------ Supplied material

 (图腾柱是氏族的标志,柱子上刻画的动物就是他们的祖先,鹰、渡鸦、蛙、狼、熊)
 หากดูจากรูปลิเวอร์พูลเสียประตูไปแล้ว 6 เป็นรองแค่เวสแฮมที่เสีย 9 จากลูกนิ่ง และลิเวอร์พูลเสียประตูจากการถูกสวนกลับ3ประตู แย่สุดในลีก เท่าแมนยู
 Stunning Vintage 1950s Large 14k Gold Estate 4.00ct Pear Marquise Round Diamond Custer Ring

------------
------ Supplied material

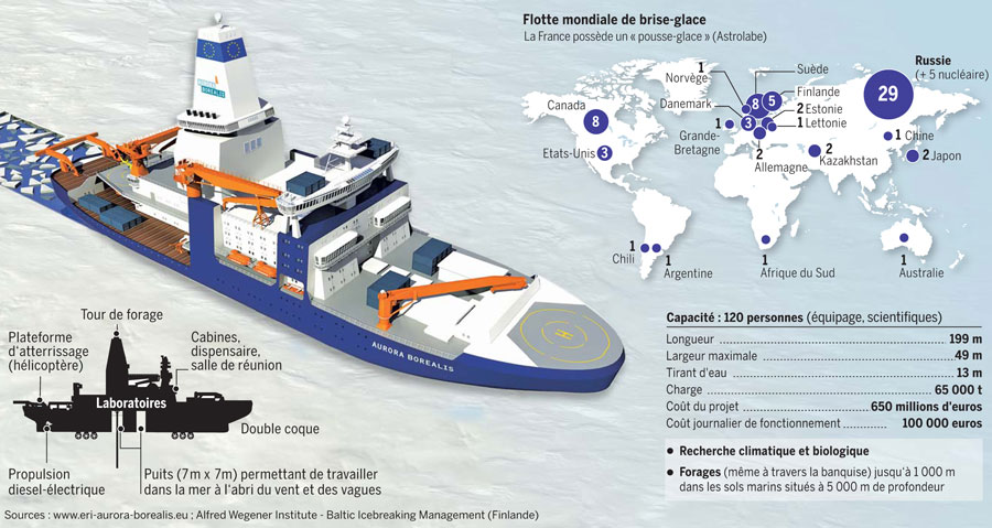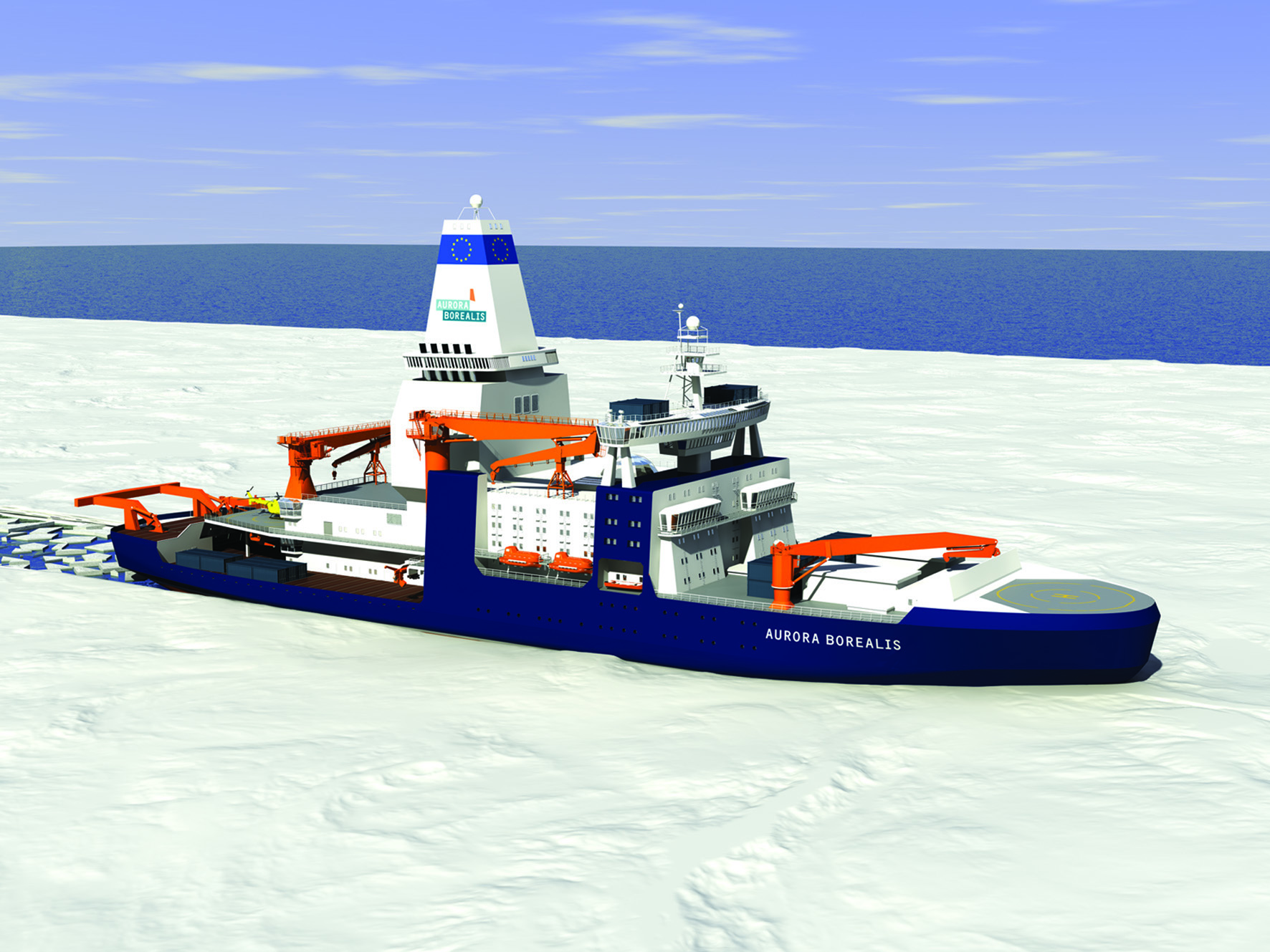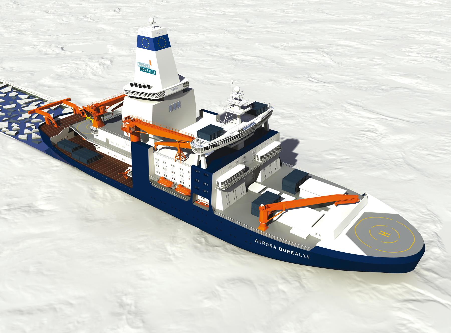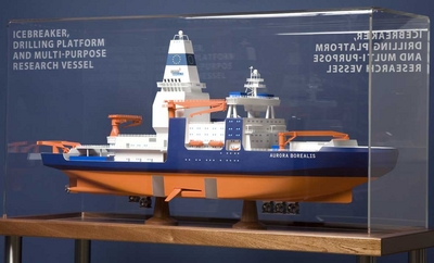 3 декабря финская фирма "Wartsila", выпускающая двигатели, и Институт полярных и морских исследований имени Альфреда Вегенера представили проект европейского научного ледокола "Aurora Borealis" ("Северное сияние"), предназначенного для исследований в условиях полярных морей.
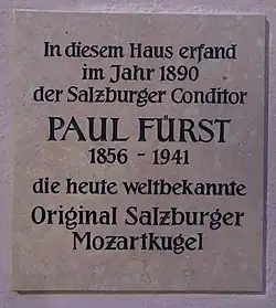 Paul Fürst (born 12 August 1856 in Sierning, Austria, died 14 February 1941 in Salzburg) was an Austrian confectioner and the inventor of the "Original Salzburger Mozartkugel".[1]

------------

Activity:
For the listing above, print only the lines starting at the line containing "(图腾柱是氏族的标志,柱子上刻画的动物就是他们的祖先,鹰、渡鸦、蛙、狼、熊)" and ending at the line containing "Stunning Vintage 1950s", exactly, both included.

Expected answer:
 (图腾柱是氏族的标志,柱子上刻画的动物就是他们的祖先,鹰、渡鸦、蛙、狼、熊)
 หากดูจากรูปลิเวอร์พูลเสียประตูไปแล้ว 6 เป็นรองแค่เวสแฮมที่เสีย 9 จากลูกนิ่ง และลิเวอร์พูลเสียประตูจากการถูกสวนกลับ3ประตู แย่สุดในลีก เท่าแมนยู
 Stunning Vintage 1950s Large 14k Gold Estate 4.00ct Pear Marquise Round Diamond Custer Ring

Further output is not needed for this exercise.